## What you are asked to do:
Write out the listing below in its entirety, minus the pictures, without changing a word.

## Recorded data:
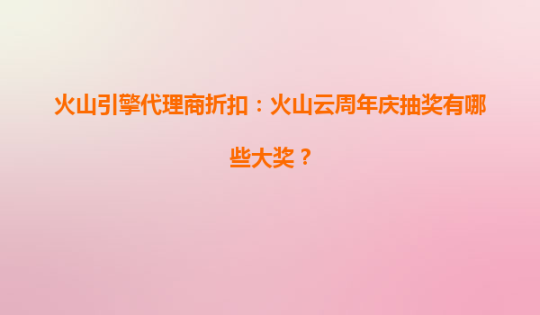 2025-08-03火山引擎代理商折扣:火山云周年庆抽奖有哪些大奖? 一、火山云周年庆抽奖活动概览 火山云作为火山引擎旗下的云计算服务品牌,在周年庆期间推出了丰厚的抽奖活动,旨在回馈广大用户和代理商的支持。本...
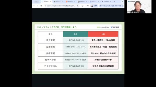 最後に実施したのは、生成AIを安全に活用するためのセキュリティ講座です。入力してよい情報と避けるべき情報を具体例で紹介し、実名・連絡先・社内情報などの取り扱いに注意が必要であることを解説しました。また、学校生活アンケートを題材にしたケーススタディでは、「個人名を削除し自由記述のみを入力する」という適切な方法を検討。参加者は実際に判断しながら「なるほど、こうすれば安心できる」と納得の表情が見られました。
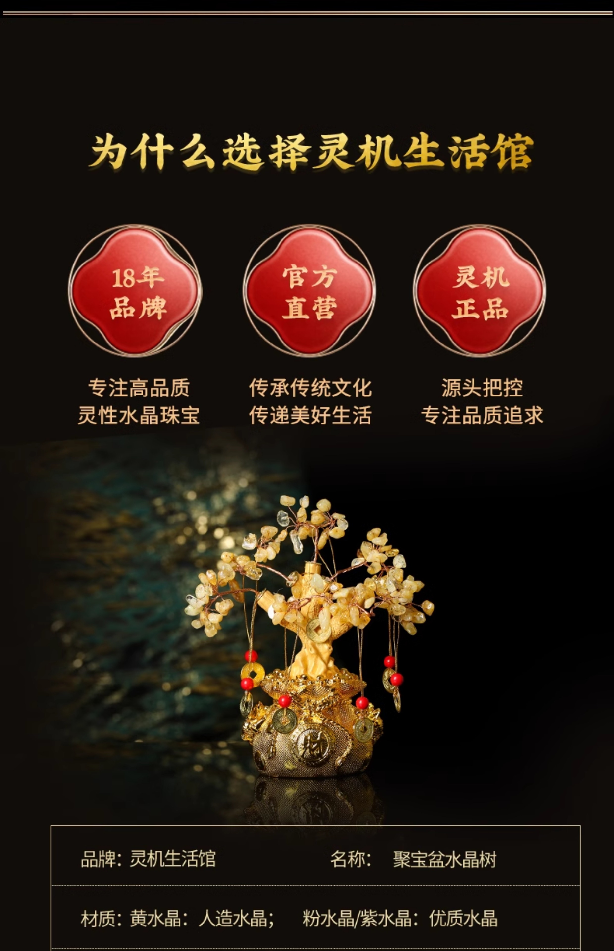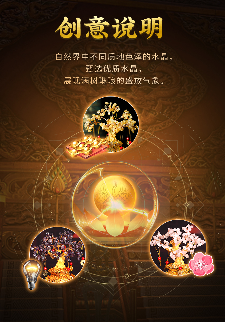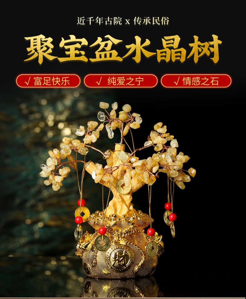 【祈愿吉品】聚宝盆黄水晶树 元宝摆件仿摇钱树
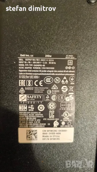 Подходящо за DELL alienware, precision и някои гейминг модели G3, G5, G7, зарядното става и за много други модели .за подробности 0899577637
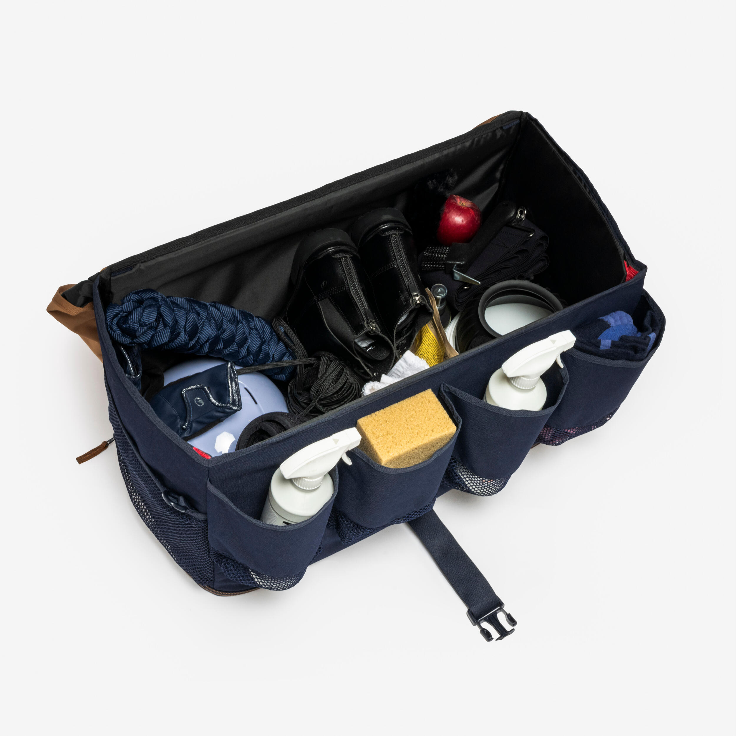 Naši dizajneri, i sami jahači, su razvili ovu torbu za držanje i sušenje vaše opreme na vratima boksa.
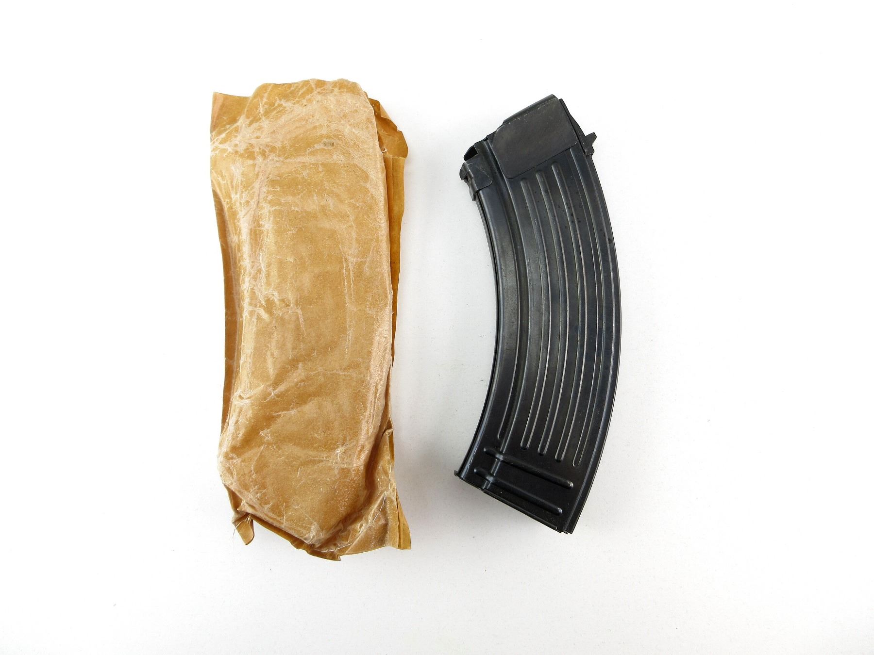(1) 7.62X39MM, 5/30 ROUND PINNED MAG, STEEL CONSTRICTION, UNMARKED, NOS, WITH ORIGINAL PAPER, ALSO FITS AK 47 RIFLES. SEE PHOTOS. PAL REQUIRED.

## Solution for this problem:
 2025-08-03火山引擎代理商折扣:火山云周年庆抽奖有哪些大奖? 一、火山云周年庆抽奖活动概览 火山云作为火山引擎旗下的云计算服务品牌,在周年庆期间推出了丰厚的抽奖活动,旨在回馈广大用户和代理商的支持。本...
 最後に実施したのは、生成AIを安全に活用するためのセキュリティ講座です。入力してよい情報と避けるべき情報を具体例で紹介し、実名・連絡先・社内情報などの取り扱いに注意が必要であることを解説しました。また、学校生活アンケートを題材にしたケーススタディでは、「個人名を削除し自由記述のみを入力する」という適切な方法を検討。参加者は実際に判断しながら「なるほど、こうすれば安心できる」と納得の表情が見られました。
 【祈愿吉品】聚宝盆黄水晶树 元宝摆件仿摇钱树
 Подходящо за DELL alienware, precision и някои гейминг модели G3, G5, G7, зарядното става и за много други модели .за подробности 0899577637
 Naši dizajneri, i sami jahači, su razvili ovu torbu za držanje i sušenje vaše opreme na vratima boksa.
(1) 7.62X39MM, 5/30 ROUND PINNED MAG, STEEL CONSTRICTION, UNMARKED, NOS, WITH ORIGINAL PAPER, ALSO FITS AK 47 RIFLES. SEE PHOTOS. PAL REQUIRED.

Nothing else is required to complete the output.